● **EXERCISE**
Transcribe exactly the lines below that begin at the line with "Genesee Community College main campus" and stop after the line with "Southeren ramp of", leaving out every picture.

● **EXTRACTED RECORDS**
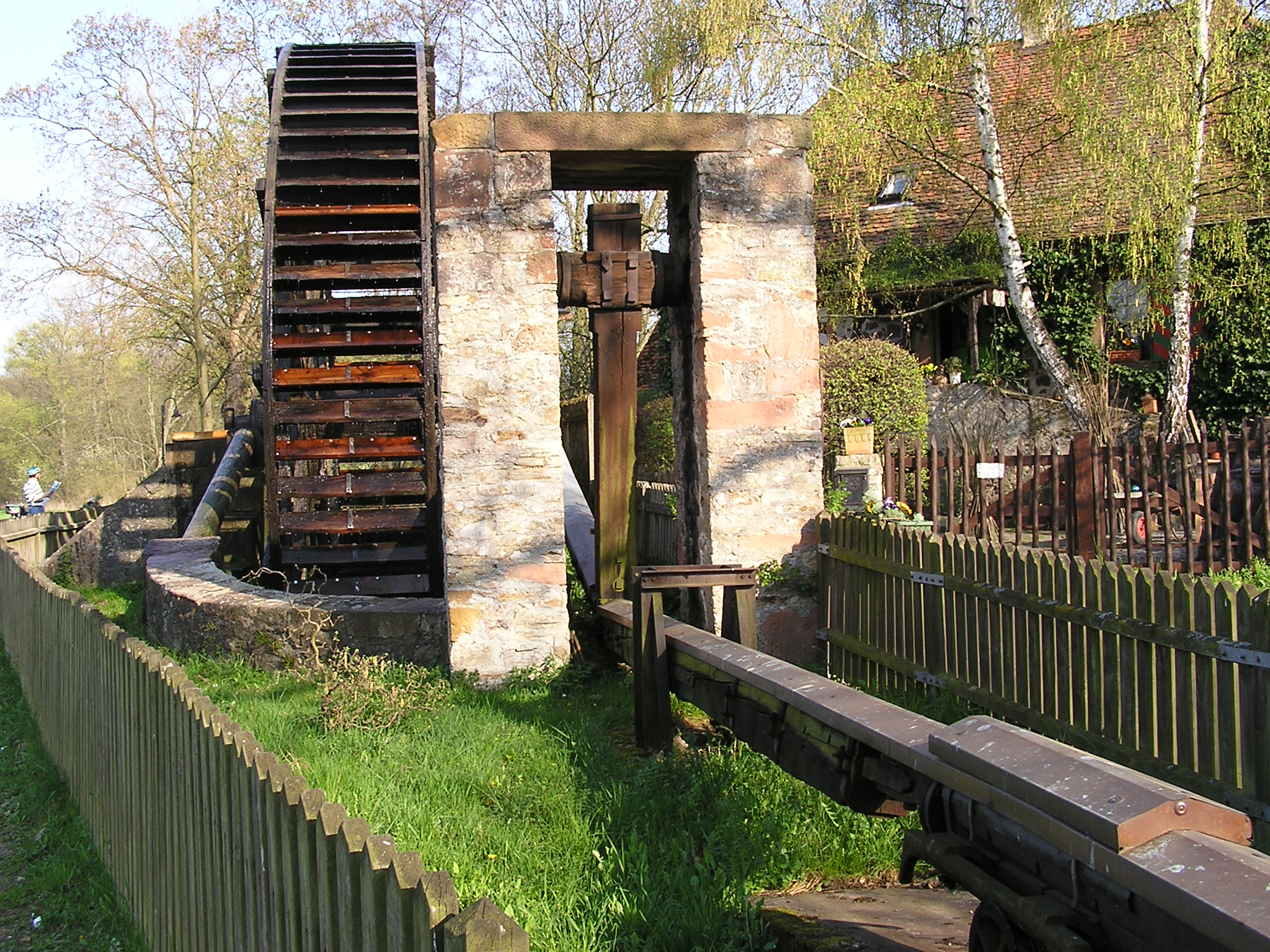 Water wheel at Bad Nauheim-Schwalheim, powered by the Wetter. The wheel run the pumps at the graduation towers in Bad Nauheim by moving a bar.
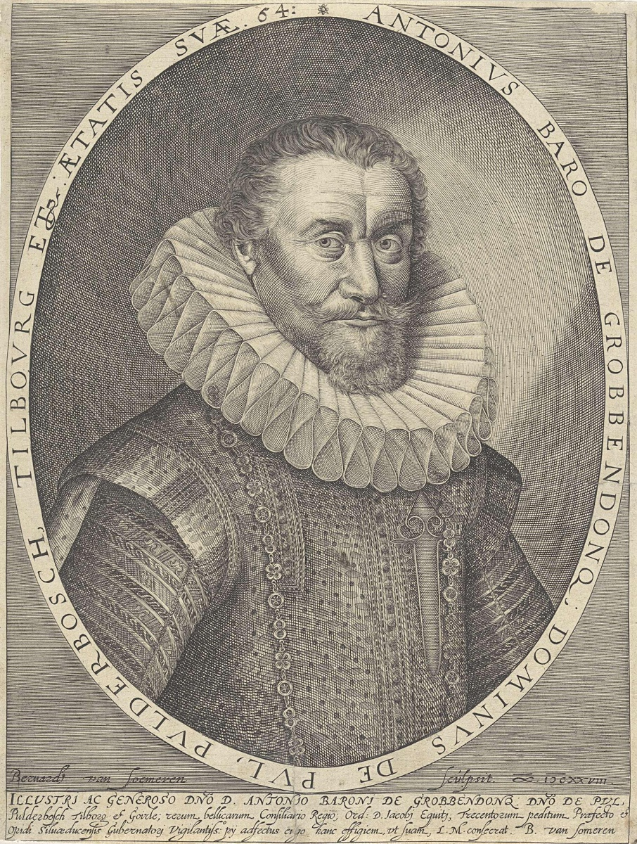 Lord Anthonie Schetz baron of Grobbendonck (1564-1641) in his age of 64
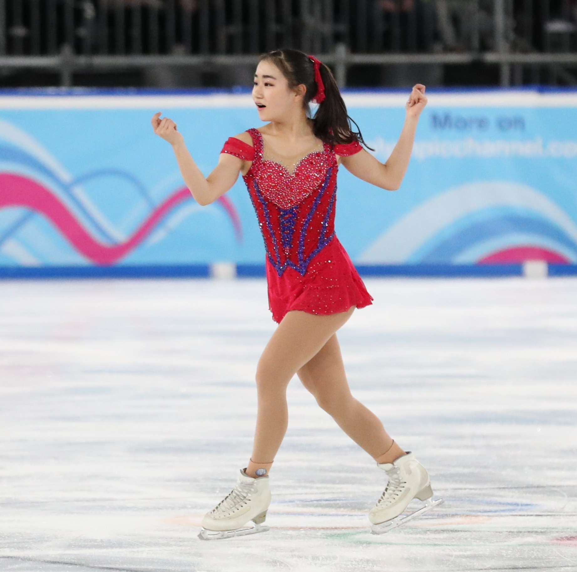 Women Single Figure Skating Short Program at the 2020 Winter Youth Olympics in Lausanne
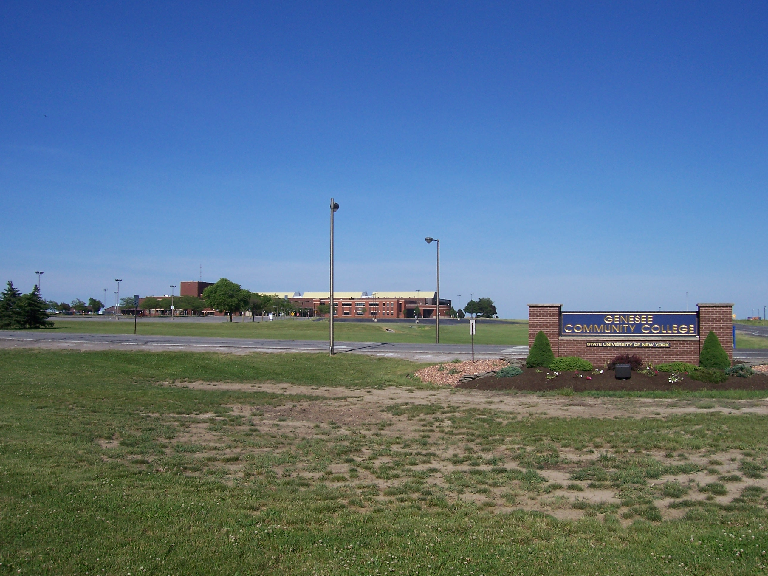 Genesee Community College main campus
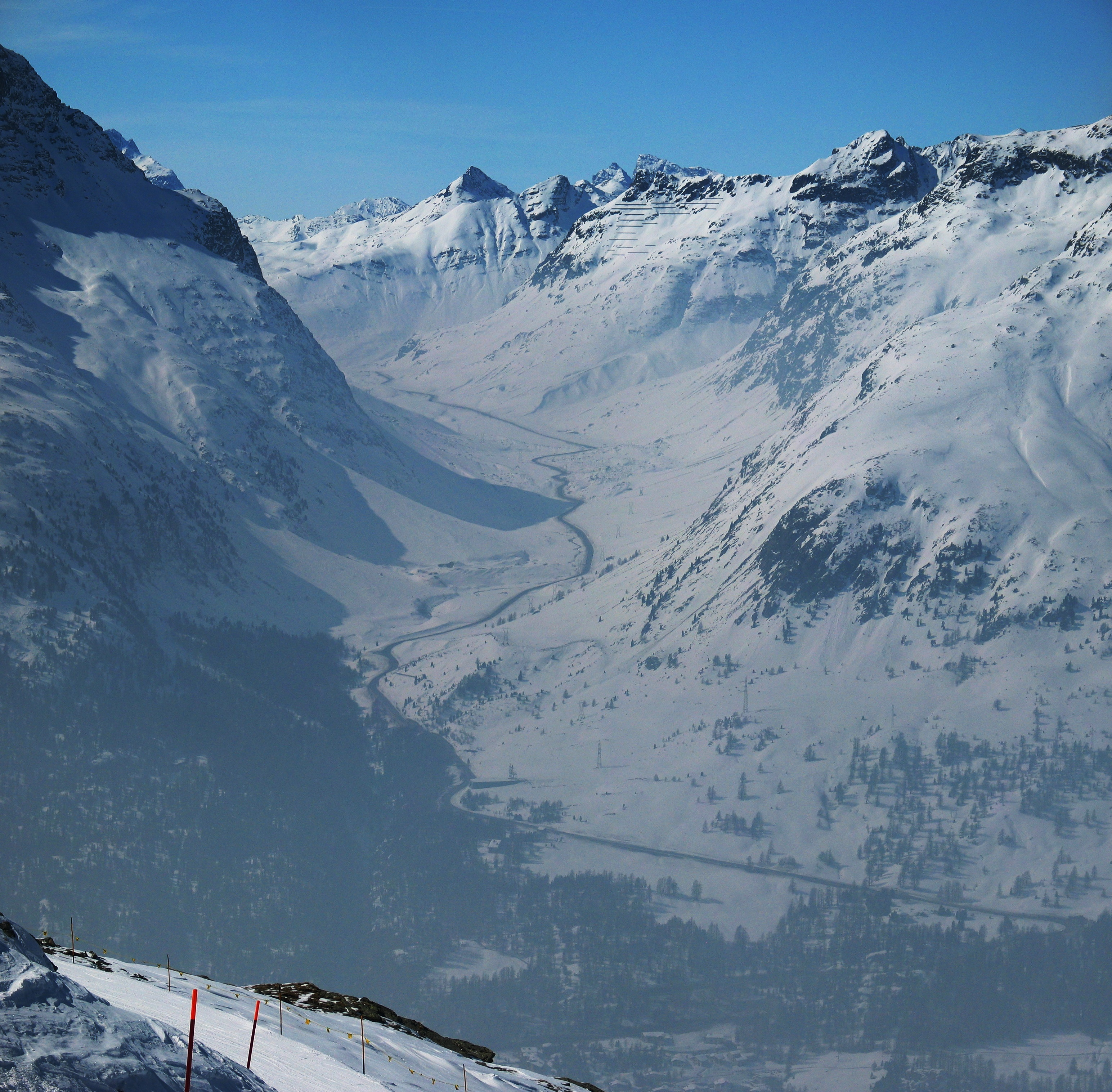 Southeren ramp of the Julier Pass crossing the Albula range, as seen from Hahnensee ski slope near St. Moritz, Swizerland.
--
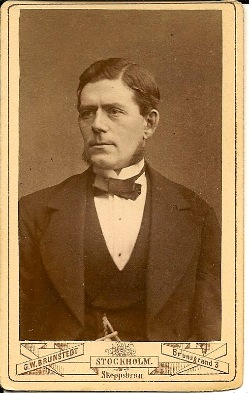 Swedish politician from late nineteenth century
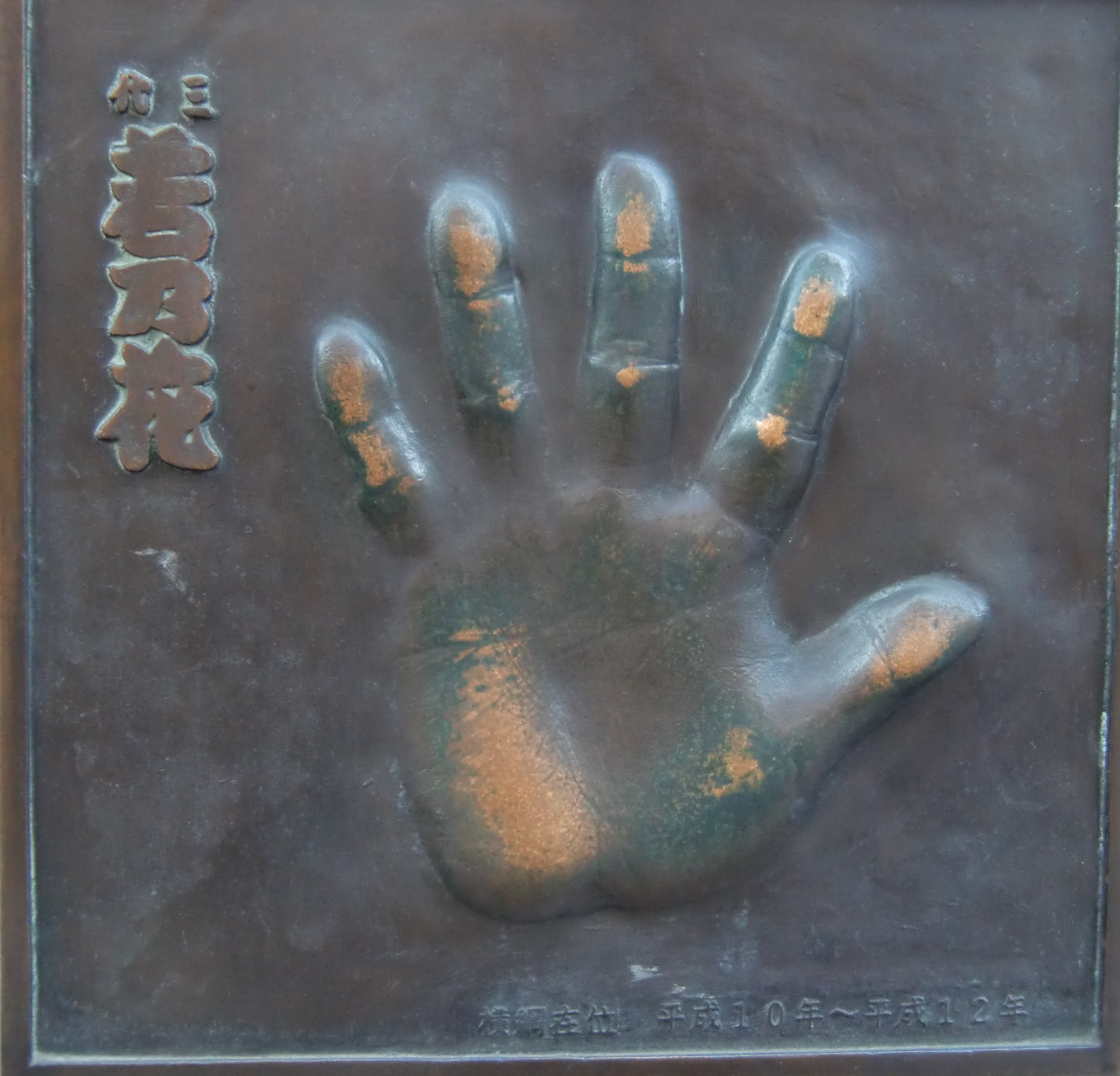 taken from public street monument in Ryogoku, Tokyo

● **RESPONSE TO THE TASK**
 Genesee Community College main campus
 Southeren ramp of the Julier Pass crossing the Albula range, as seen from Hahnensee ski slope near St. Moritz, Swizerland.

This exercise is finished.